Compelling new crash test footage released today by Waka Kotahi NZ Transport Agency provides graphic evidence that the choice you make when buying your next used car could be a life and death decision.
The footage shows the results of a controlled offset frontal crash test carried out at a speed of 64km/h between two used vehicles - a 2010 model with a 1-star safety rating vehicle, and a 2008 model with a 5-star safety rating.
The two models used in the crash were chosen in consultation with the Automobile Association (AA), as similar cars are widely available as used vehicles in New Zealand, within a similar modest price range.
The crash test was carried out earlier this year in the Transport for New South Wales Crashlab facility, as part of Waka Kotahi’s Safe Vehicles Programme, which aims to get more Kiwis into cars with 4 or 5-star safety ratings. The 64km/h head-on crash test simulates a common high-speed crash scenario, where one vehicle drifts over the centre line on an open road.
The contrast in the outcome of the crash for occupants of the two vehicles is stark, with readings taken from the instrumented crash test dummies in each car showing a 77% chance of serious injury for the driver of the 1-star rated vehicle compared to just a 12% chance of serious injury for the driver of the 5-star car.
Waka Kotahi NZ Senior Road Safety Manager Fabian Marsh says the crash test result provides further evidence of the value of star ratings.
“Checking the safety rating before buying your next car could well save your life. Research shows that vehicle occupants are twice as likely to die or be seriously injured in a crash in a one or two-star rated car than they are in a five-star rated vehicle, and this latest crash test result backs that up.
“The numbers are clear, the higher the safety rating the more likely you are to avoid serious injury or death in a crash.” Mr Marsh says.

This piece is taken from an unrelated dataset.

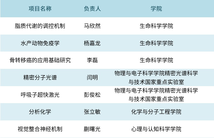 其中,生命科学学院3项,物理与电子科学学院精密光谱科学与技术国家重点实验室2项,化学与分子工程学院与心理与认知科学学院各1项。获批项目的研究领域涉及数理、化学、生命、信息、医学等5个科学部。
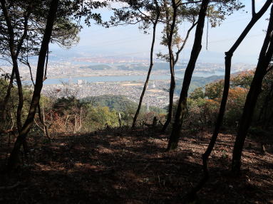 | 南東尾根の参道を下ると、5分でグリーンラインの熊ヶ峰ひろばに出た。北側の熊ヶ峰登山口から、山頂まで10分かからない。盛り上がった広場に休憩ベンチが一つ、四周に見晴らしはない。南ルートへ下って約130mのところに素敵な展望所があり、芦田川河口堰、箕沖コンビナート、JFEなどを一望できる。展望所からからひと下り(約5分)すると、沼隈支線鉄塔3に出会い、ほどなくグリーンラインに合流した。 | |

AA Principal Advisor Regulations Mark Stockdale says the results of the test demonstrate why everyone should buy the safest vehicle they can afford.
“The two models used in the crash are similar in size. Variants of these models are widely available as used vehicles in New Zealand, within a similar price range, but there is a huge difference in the level of protection they provide in a crash,” Mr Stockdale says.

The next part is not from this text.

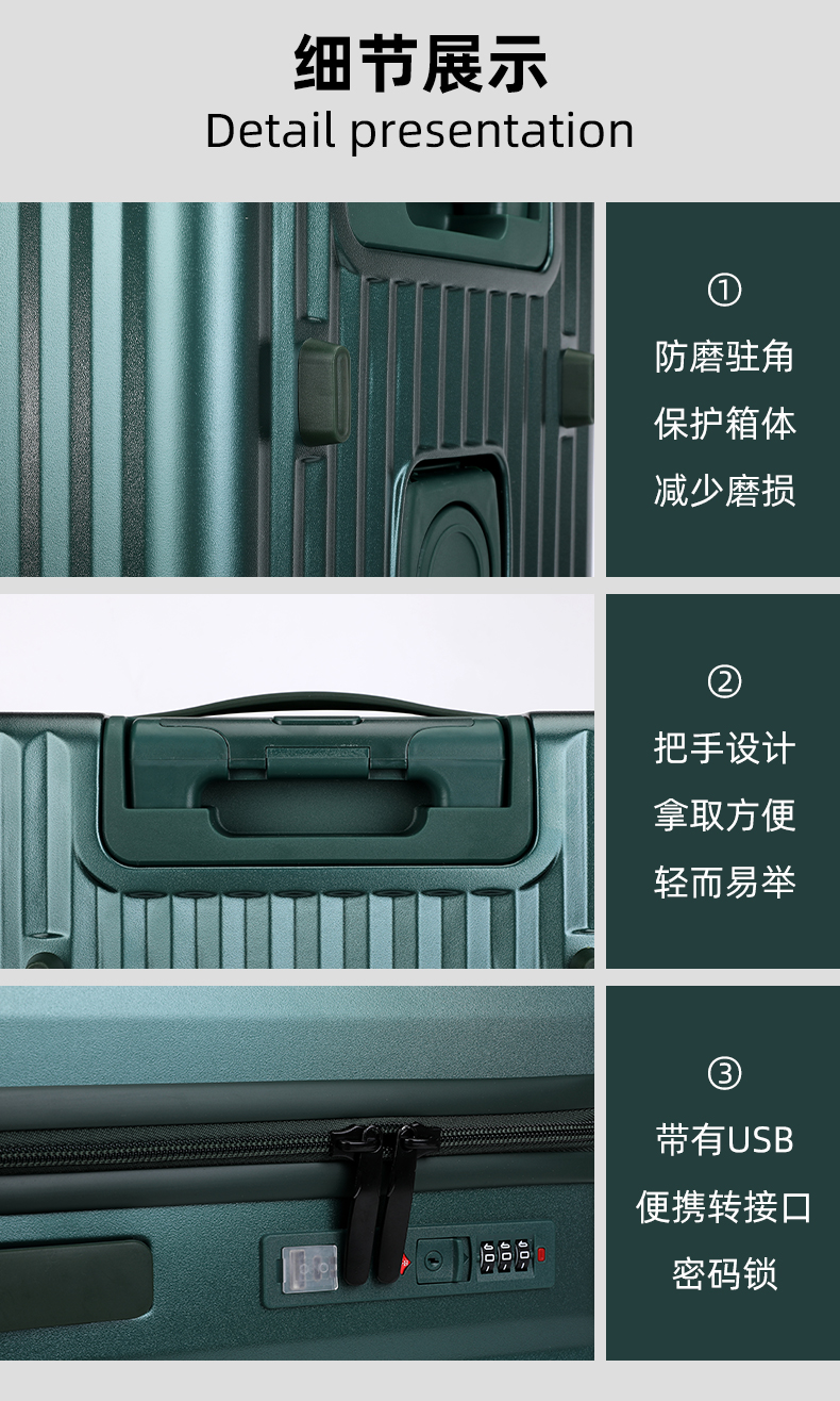 5,手把采用镶嵌下沉式设计,极限缩小箱子外廓面积, 非常高端大气。

Monash University Accident Research Centre Associate Director Stuart Newstead reviewed the crash test result for Waka Kotahi, and agrees the results are compelling.
“The results are very clear - the occupant cell of the 1-star collapses, crushing the driver's legs. In the real world this is very likely to lead to a serious injury or death, particularly if the major arteries in the legs were compromised.

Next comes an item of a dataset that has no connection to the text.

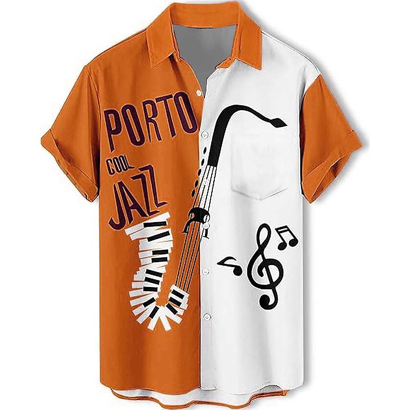 Men's Musical Notes Jazz Saxophone Shirt Summer Shirt Button Up Shirt Short Sleeve Fashion Casual Daily Music Festival Summer Spring Turndown 3D Print Collared Shirts Front One Pocket Blue Yellow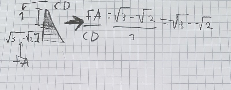 Det du ska tänka på är att under tiden du har resonerat dig fram till svaret så har du också diskuterat vilken enhet olika sträckor och areor har. Du har använt ordet "areaenheter", i någon anteckning såg jag cm och cm^2, och att "sträckan FA är roten av 3 subtraherad med roten av 2" .

“The driver of the 1-star car in this crash would also have suffered a serious neck injury due the level of structural damage. The 5-star car hasn’t had the same level of structural damage. This shows that structural integrity is a key aspect of vehicle safety. It’s not enough to say a vehicle has an airbag so it will be safe. A car is designed as a wholistic system of interacting parts and they all need to work together properly to make sure the occupants are protected.”
Safety ratings indicate the likely performance of your vehicle in a crash, from 1 to 5 stars. Vehicles with 4 and 5-star ratings are the safest. The New Zealand light vehicle fleet currently has a high proportion of 1 and 2-star safety-rated vehicles (41 percent) that provide far less protection to occupants than higher-rated vehicles in the event of a crash.
A national advertising campaign launched in February as part of the Safer Vehicles programme targets people who are in the market to buy a new or used car, encouraging them to make safety a top factor in any vehicle purchasing decision. The campaign directs people to the newly designed and expanded Rightcar website, which now provides safety ratings covering around 95% of vehicles on New Zealand roads.
Mr Marsh says with approximately 800,000 vehicles changing hands in New Zealand each year there is great potential to save lives and prevent serious injuries by encouraging people to buy cars with a good safety rating. A new search filter launched by Trade Me earlier this month, supported by Waka Kotahi, also allows prospective buyers to search for vehicles by their safety rating.
“We all make mistakes when driving, and some crashes are inevitable, but safer vehicles can save lives in crashes. Checking a vehicle’s safety rating before you buy isn’t often high on the list of priorities for many New Zealanders, and we need to see that change.”
The Safe Vehicles programme delivers on the Government’s Road to Zero strategy which was released in December 2019. Road to Zero outlines a strategy to guide improvements in road safety in New Zealand over the next 10 years. It sets out a vision of a New Zealand where no one is killed or seriously injured in a road crash, with a key focus area of significantly improving the safety of New Zealand’s vehicle fleet.